YOUR TASK
Copy out the lines beginning at the one with "Mu butumwa yanyujije" and ending at the last line of the data, both included; pictures stay out.

GIVEN INFORMATION
++++

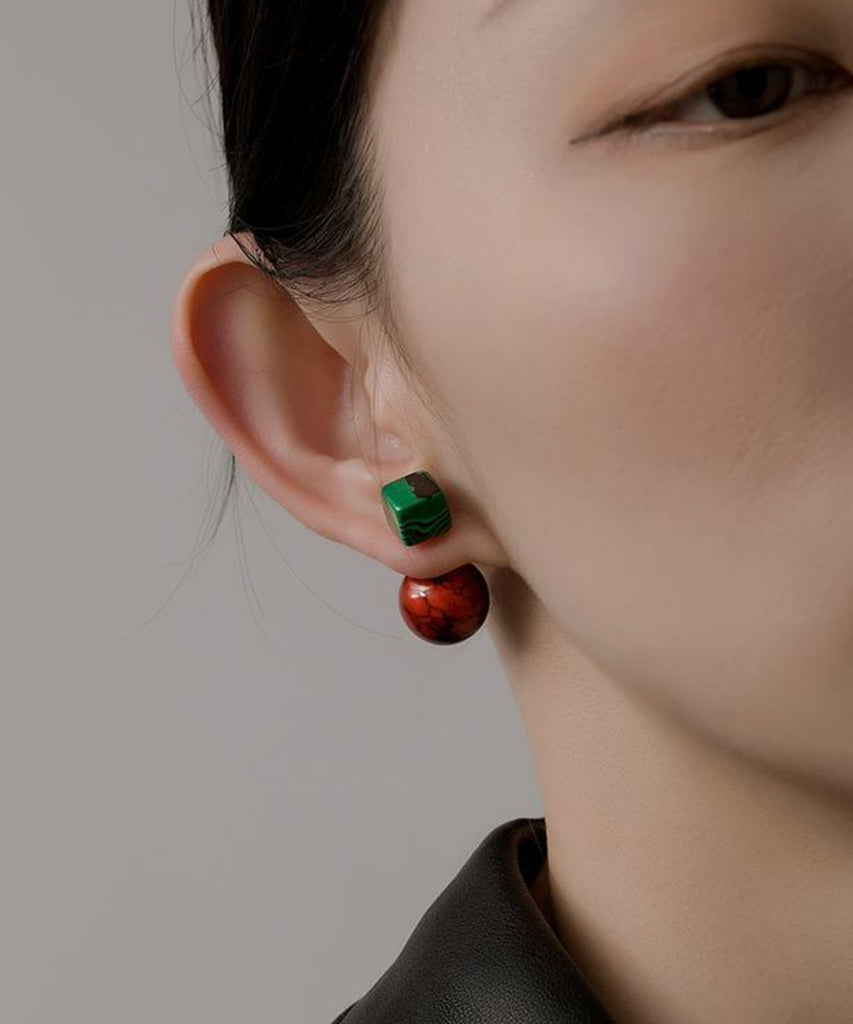 Earrings Art Colorblock Overgild Copper Gem Drop Stone FashionChic
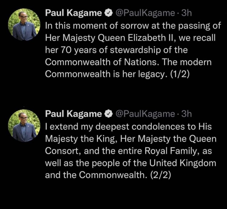 Mu butumwa yanyujije ku mbuga nkoranyambaga, umukuru w’igihugu Paul Kagame yagize ati “'Muri ibi bihe by’akababaro kubera itanga ry’Umwamikazi Elisabeth II, turazirikana imyaka 70 yari amaze ku buyobozi bw’umuryango w’ibihugu bigize Commonwealth. Commonwealth igezweho, ni umurage we.''
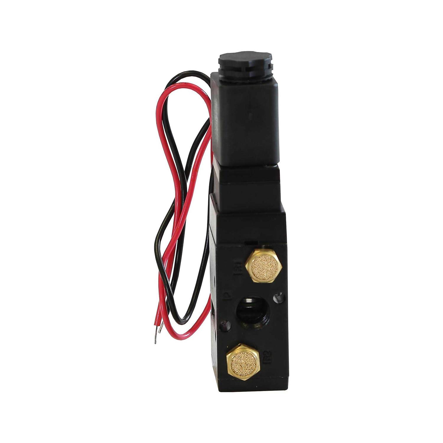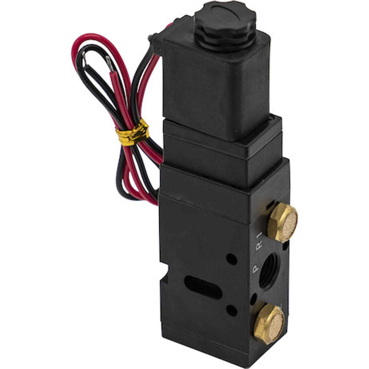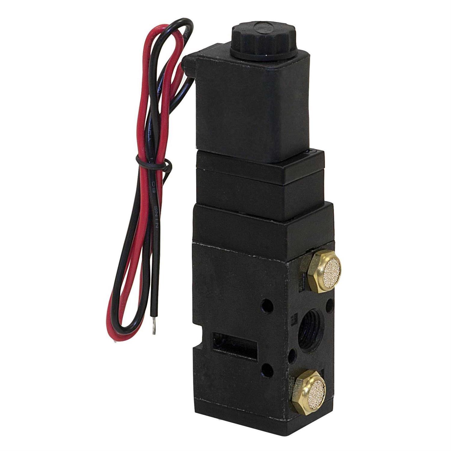 Buyers Products 4-Way, 2-Position Solenoid Air Valve controls the air flow required for precise operation in many air cylinder applications. It allows you to use or activate a pneumatic system remotely with an easy-to-install electronic switch. It has five standard 1/4 in. NPT ports for adequate air flow. The rugged 12V coil comes complete with 2 in. flying leads. While the valve is a standard 4-way, it can be easily converted to 3-way operation by installing two pipe plugs. Allows you to use or activate a pneumatic system remotely using an easy-to-install electronic switch. Easily converts to 3-way operation.

++++

ANSWER TO THIS TASK
 Mu butumwa yanyujije ku mbuga nkoranyambaga, umukuru w’igihugu Paul Kagame yagize ati “'Muri ibi bihe by’akababaro kubera itanga ry’Umwamikazi Elisabeth II, turazirikana imyaka 70 yari amaze ku buyobozi bw’umuryango w’ibihugu bigize Commonwealth. Commonwealth igezweho, ni umurage we.''
 Buyers Products 4-Way, 2-Position Solenoid Air Valve controls the air flow required for precise operation in many air cylinder applications. It allows you to use or activate a pneumatic system remotely with an easy-to-install electronic switch. It has five standard 1/4 in. NPT ports for adequate air flow. The rugged 12V coil comes complete with 2 in. flying leads. While the valve is a standard 4-way, it can be easily converted to 3-way operation by installing two pipe plugs. Allows you to use or activate a pneumatic system remotely using an easy-to-install electronic switch. Easily converts to 3-way operation.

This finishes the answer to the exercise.